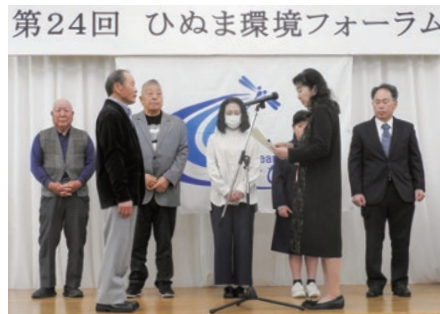
フォトコンテスト表彰
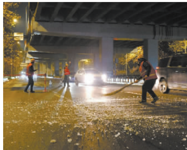
■迅速清扫敲掉的冰锥碎块。
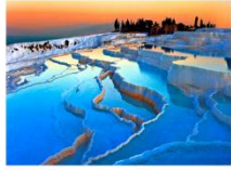
เมืองปามุกคาเล่

** พักที่ Richmond Thermal Hotel 5* หรือเทียบเท่า **
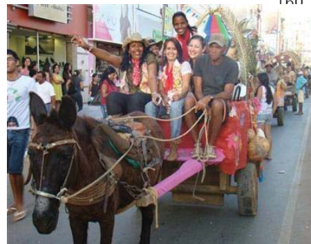
Desfile de Carroças pelas ruas da cidade.
——————————
→ EXERCISE:
Repeat the material above word for word but skip the images.

→ RESPONSE AREA:
フォトコンテスト表彰
■迅速清扫敲掉的冰锥碎块。
เมืองปามุกคาเล่

** พักที่ Richmond Thermal Hotel 5* หรือเทียบเท่า **
Desfile de Carroças pelas ruas da cidade.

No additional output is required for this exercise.